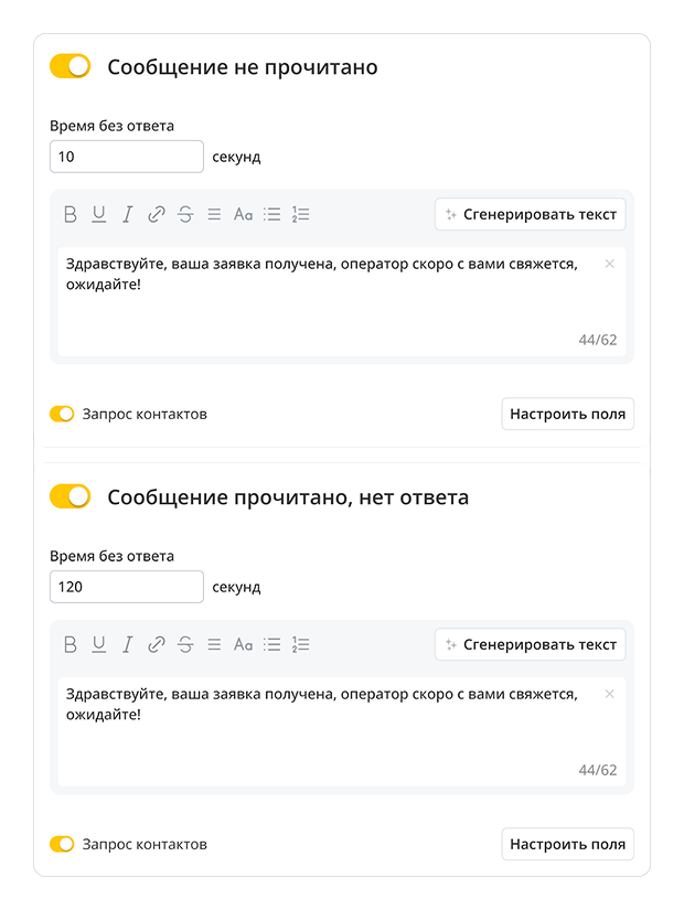 Автосообщения. Если оператор занят, система может отправить заранее настроенное сообщение — с запросом контактов или без него. Это помогает удержать клиентов в переписке и даёт возможность вести несколько диалогов одновременно — без потери вовлечённости.
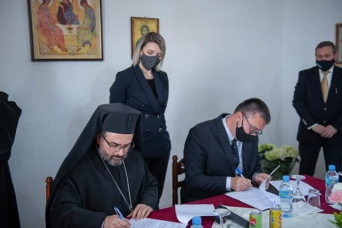 Послије молитве која је служена у саборном манастирском храму обављено је потписивање протокола између Министарства културе и Митрополије Елбасана о повратку ове светиње Цркви од стране Државе
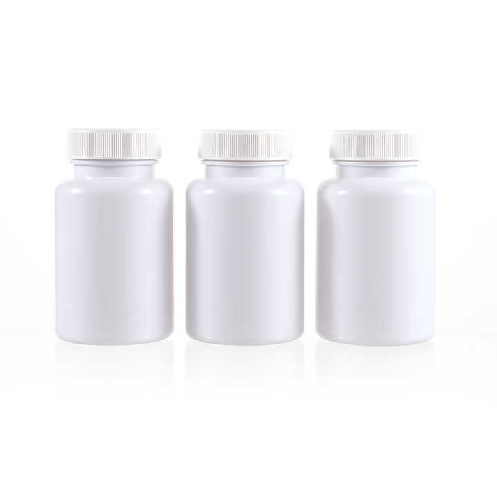 PET plastica 120cc bottiglie bianche capsula bottiglia di pillola medicina vitamina contenitore bottiglia con tappo a vite bianco
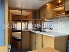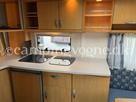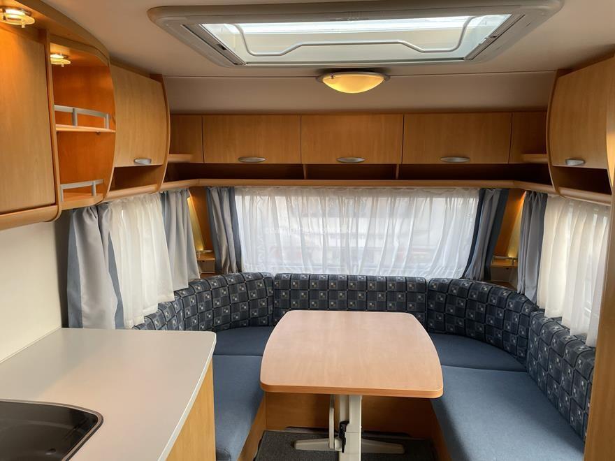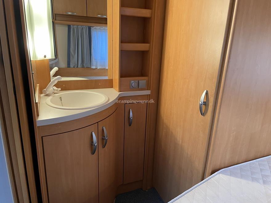 Vognen er indrettet med rundsiddegruppe i forenden. Køkken og klædeskab i midten og i bagenden fransk dobbeltseng samt toilet og bad.
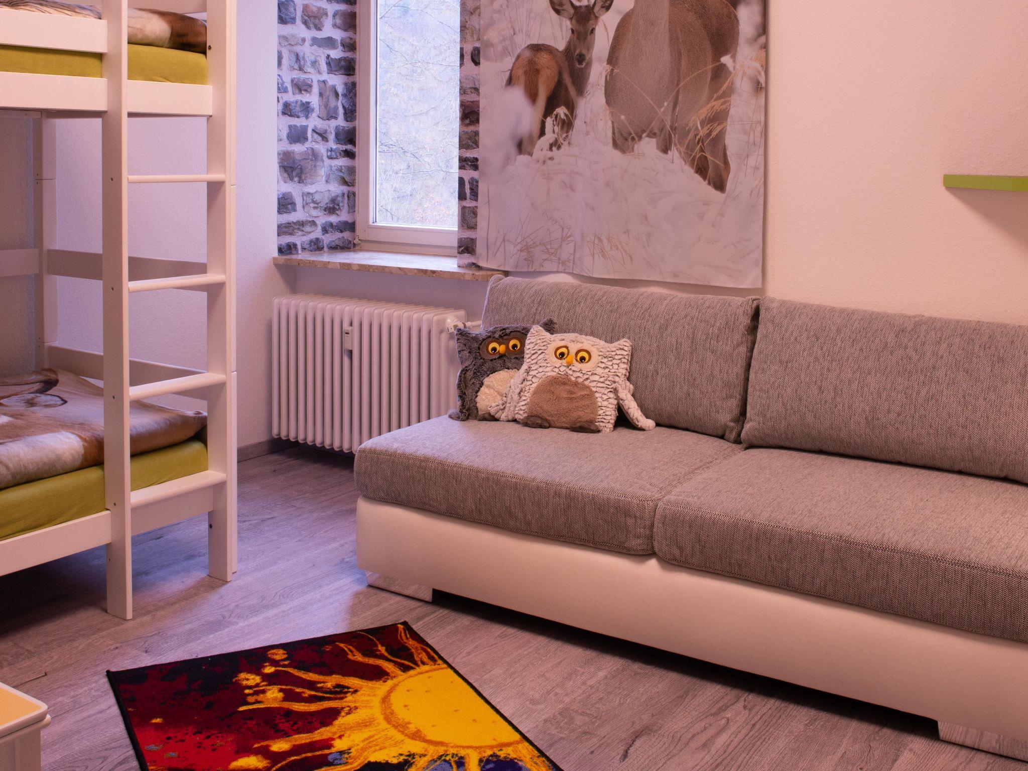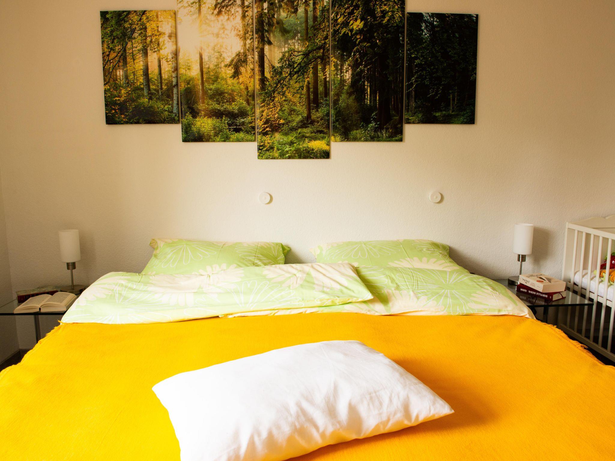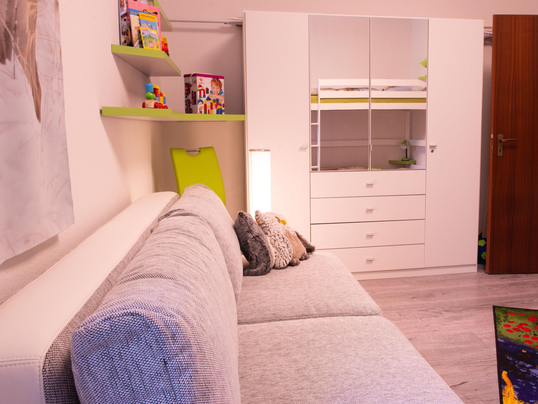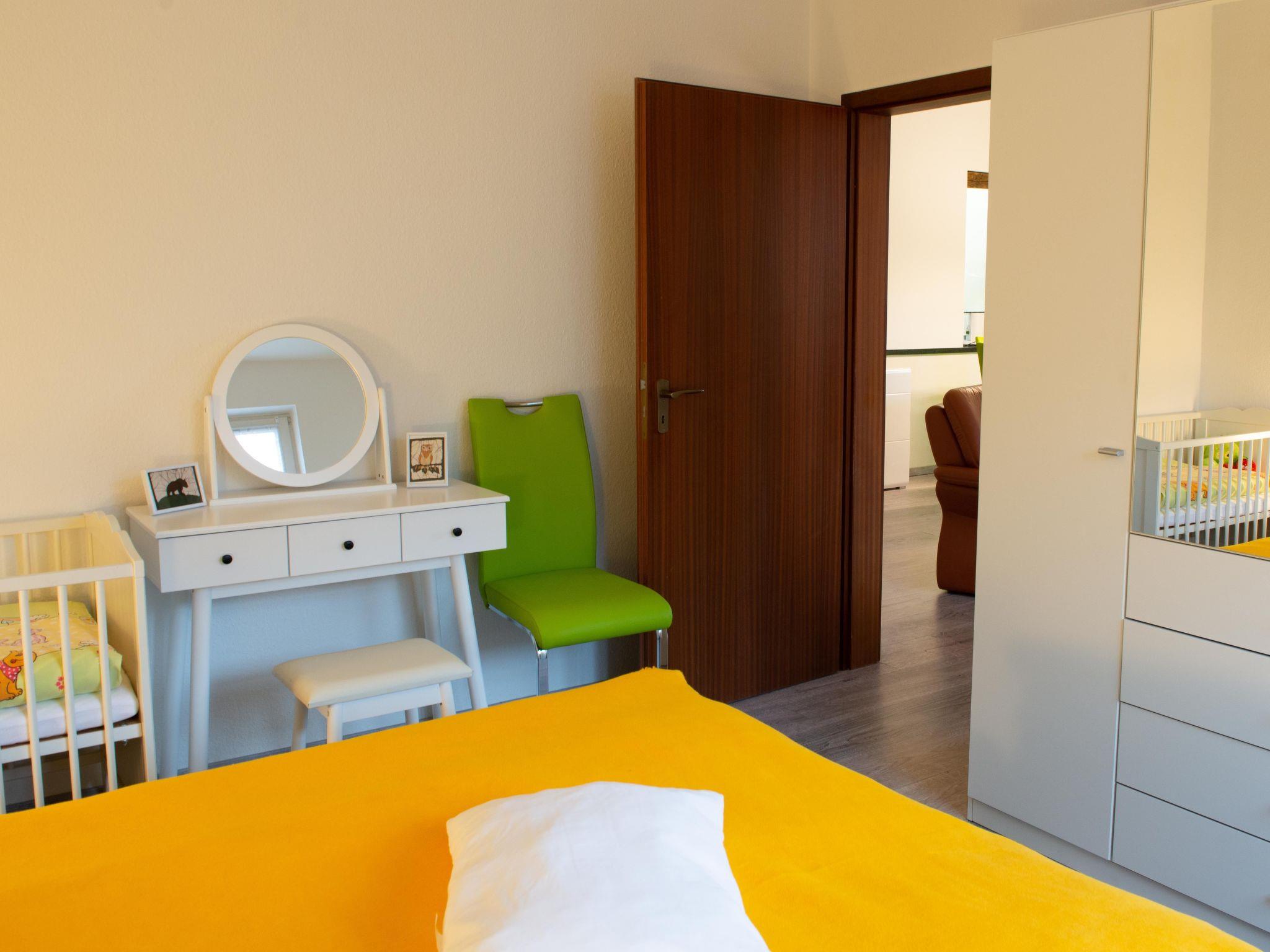 The 95 m² modern flat, renovated in 2021, is located on the first floor of a restored half-timbered house. It offers a large living room with dining table, large satellite TV, CD and DVD player. The bedroom has a double bed (1.80 m x 2.00 m), the second bedroom and children's room has a high-quality sofa bed with topper (1.60 x 2.00 m) and a large bunk bed (each 0.90 m x 2.00 m). There are high-quality children's toys, a colouring board with chalk, children's books and board games. There is also a fully equipped kitchen with cooker, dishwasher, fridge with freezer compartment, various coffee machines, blender, toaster, Sodamax and kettle. The large terrace with a view of the mountains is fully furnished and has a charcoal barbecue at your disposal. The bathroom has a walk-in shower and a washbasin with mirror cabinet. Bed linen is provided. Internet (WLAN) is also available free of charge.
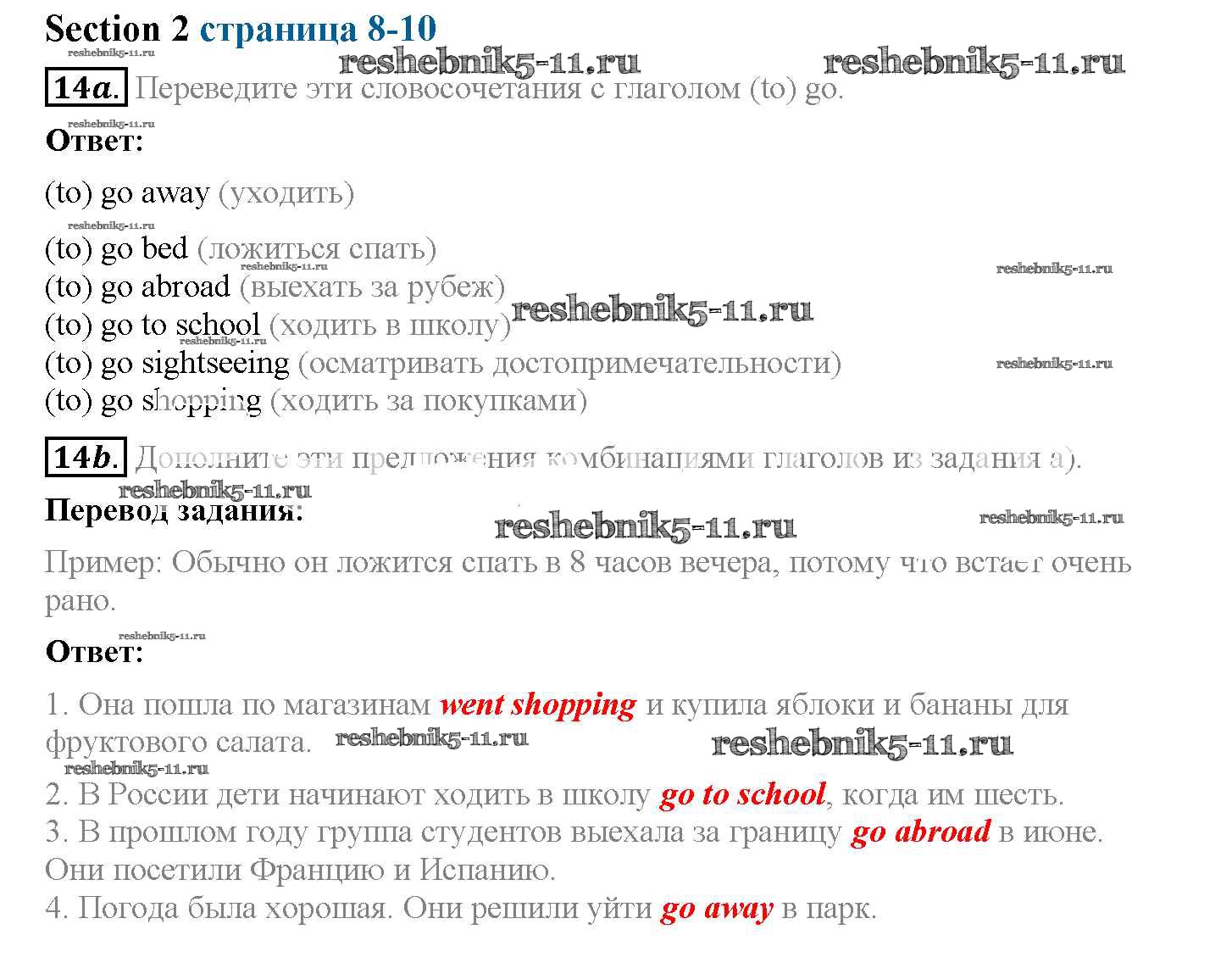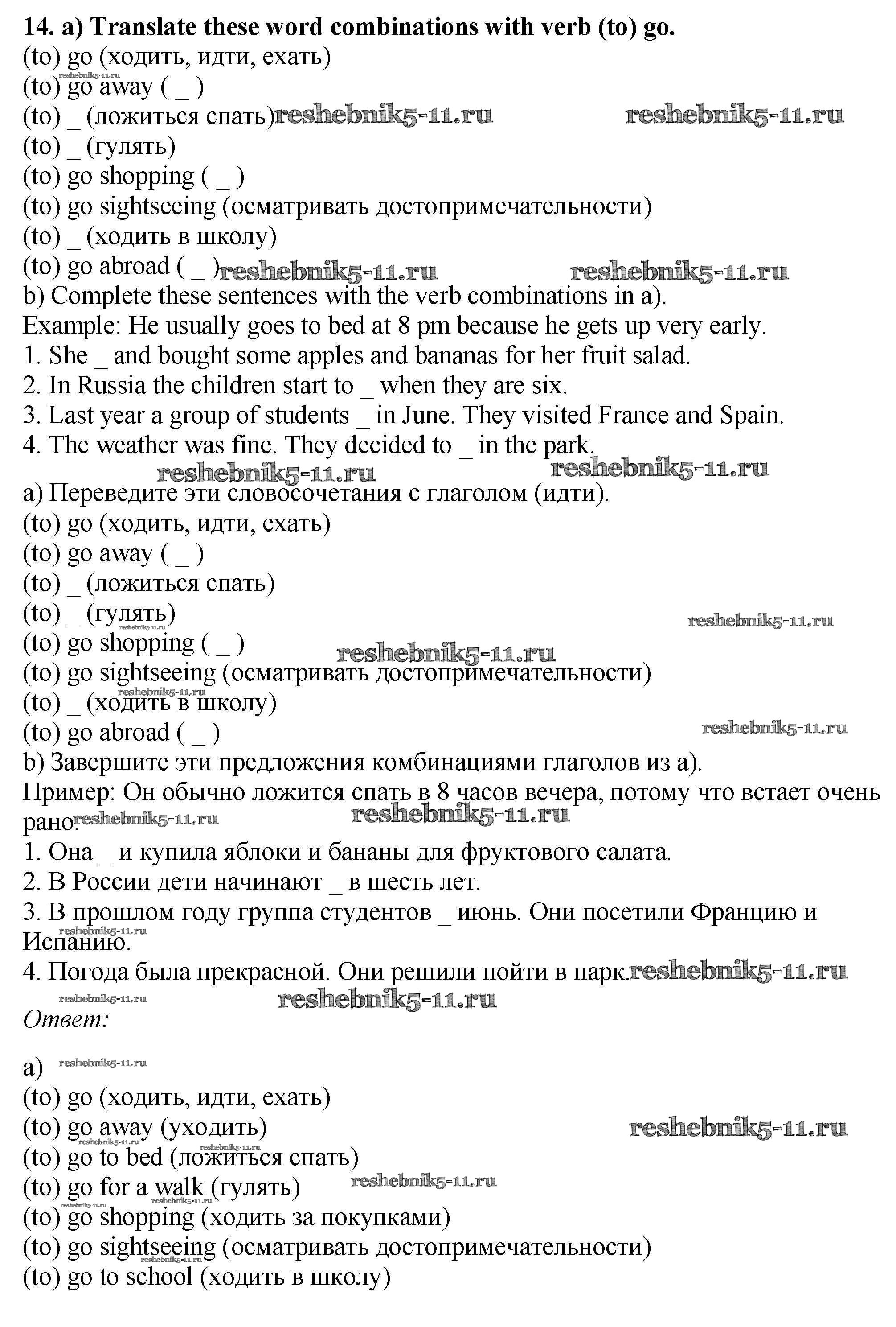 Готовая домашняя работа с ответами по Английскому языку за 5 класс Биболетова, Денисенко, Трубанева Рабочая тетрадь Enjoy English Дрофа 2019 ФГОС - Exercises 14

#### Exercise requirements
The answer must be the full set of records, repeated exactly, with no pictures.

#### Exercise result
 Автосообщения. Если оператор занят, система может отправить заранее настроенное сообщение — с запросом контактов или без него. Это помогает удержать клиентов в переписке и даёт возможность вести несколько диалогов одновременно — без потери вовлечённости.
 Послије молитве која је служена у саборном манастирском храму обављено је потписивање протокола између Министарства културе и Митрополије Елбасана о повратку ове светиње Цркви од стране Државе
 PET plastica 120cc bottiglie bianche capsula bottiglia di pillola medicina vitamina contenitore bottiglia con tappo a vite bianco
 Vognen er indrettet med rundsiddegruppe i forenden. Køkken og klædeskab i midten og i bagenden fransk dobbeltseng samt toilet og bad.
 The 95 m² modern flat, renovated in 2021, is located on the first floor of a restored half-timbered house. It offers a large living room with dining table, large satellite TV, CD and DVD player. The bedroom has a double bed (1.80 m x 2.00 m), the second bedroom and children's room has a high-quality sofa bed with topper (1.60 x 2.00 m) and a large bunk bed (each 0.90 m x 2.00 m). There are high-quality children's toys, a colouring board with chalk, children's books and board games. There is also a fully equipped kitchen with cooker, dishwasher, fridge with freezer compartment, various coffee machines, blender, toaster, Sodamax and kettle. The large terrace with a view of the mountains is fully furnished and has a charcoal barbecue at your disposal. The bathroom has a walk-in shower and a washbasin with mirror cabinet. Bed linen is provided. Internet (WLAN) is also available free of charge.
 Готовая домашняя работа с ответами по Английскому языку за 5 класс Биболетова, Денисенко, Трубанева Рабочая тетрадь Enjoy English Дрофа 2019 ФГОС - Exercises 14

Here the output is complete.